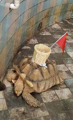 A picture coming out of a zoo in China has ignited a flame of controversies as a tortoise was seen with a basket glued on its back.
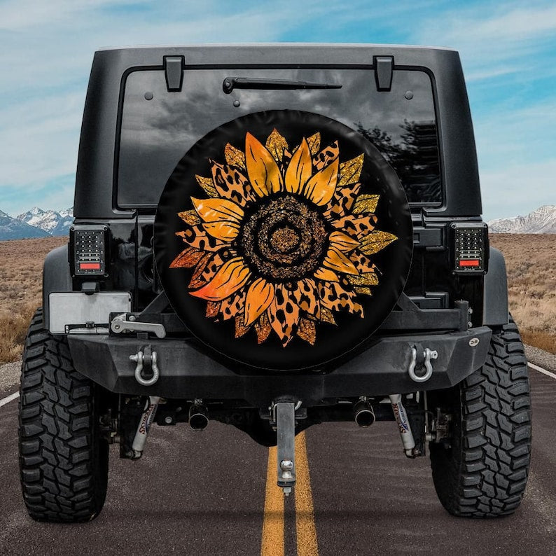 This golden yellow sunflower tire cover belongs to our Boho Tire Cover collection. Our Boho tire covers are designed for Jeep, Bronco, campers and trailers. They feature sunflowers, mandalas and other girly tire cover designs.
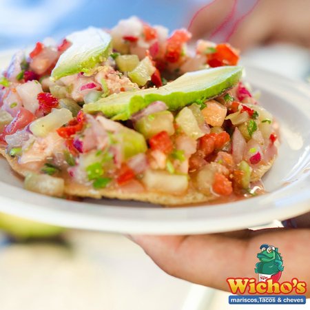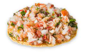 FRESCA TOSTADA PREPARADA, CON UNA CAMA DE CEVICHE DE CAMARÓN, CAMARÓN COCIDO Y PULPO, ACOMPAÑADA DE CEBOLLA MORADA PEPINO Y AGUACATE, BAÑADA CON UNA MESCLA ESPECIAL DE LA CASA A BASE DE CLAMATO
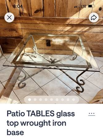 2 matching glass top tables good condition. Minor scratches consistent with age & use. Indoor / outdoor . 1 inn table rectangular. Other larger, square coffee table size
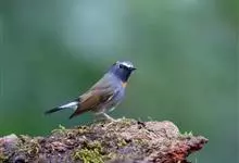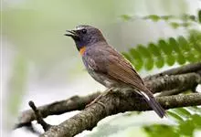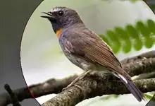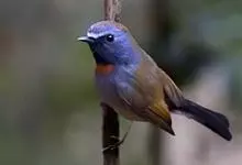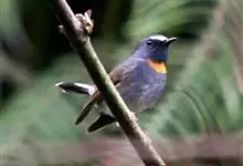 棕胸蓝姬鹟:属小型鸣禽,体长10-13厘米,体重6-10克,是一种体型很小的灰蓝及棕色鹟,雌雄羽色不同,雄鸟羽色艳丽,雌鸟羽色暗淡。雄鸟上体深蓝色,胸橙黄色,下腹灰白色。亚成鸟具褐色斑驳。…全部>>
==========
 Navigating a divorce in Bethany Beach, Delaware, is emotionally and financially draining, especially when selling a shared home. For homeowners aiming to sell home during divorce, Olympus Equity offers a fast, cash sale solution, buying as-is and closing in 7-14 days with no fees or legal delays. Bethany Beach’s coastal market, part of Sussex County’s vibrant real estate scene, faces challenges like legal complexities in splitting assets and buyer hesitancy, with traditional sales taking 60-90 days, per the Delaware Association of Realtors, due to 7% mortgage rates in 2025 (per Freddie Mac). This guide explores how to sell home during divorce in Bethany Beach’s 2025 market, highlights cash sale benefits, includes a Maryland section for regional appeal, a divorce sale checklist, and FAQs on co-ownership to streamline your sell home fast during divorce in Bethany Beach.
==========
Activity: Everything from the line with "A picture coming" down to the line with "棕胸蓝姬鹟:属小型鸣禽,体长" in the data above should be copied exactly, with both end lines kept and the pictures left out.

Task answer:
 A picture coming out of a zoo in China has ignited a flame of controversies as a tortoise was seen with a basket glued on its back.
 This golden yellow sunflower tire cover belongs to our Boho Tire Cover collection. Our Boho tire covers are designed for Jeep, Bronco, campers and trailers. They feature sunflowers, mandalas and other girly tire cover designs.
 FRESCA TOSTADA PREPARADA, CON UNA CAMA DE CEVICHE DE CAMARÓN, CAMARÓN COCIDO Y PULPO, ACOMPAÑADA DE CEBOLLA MORADA PEPINO Y AGUACATE, BAÑADA CON UNA MESCLA ESPECIAL DE LA CASA A BASE DE CLAMATO
 2 matching glass top tables good condition. Minor scratches consistent with age & use. Indoor / outdoor . 1 inn table rectangular. Other larger, square coffee table size
 棕胸蓝姬鹟:属小型鸣禽,体长10-13厘米,体重6-10克,是一种体型很小的灰蓝及棕色鹟,雌雄羽色不同,雄鸟羽色艳丽,雌鸟羽色暗淡。雄鸟上体深蓝色,胸橙黄色,下腹灰白色。亚成鸟具褐色斑驳。…全部>>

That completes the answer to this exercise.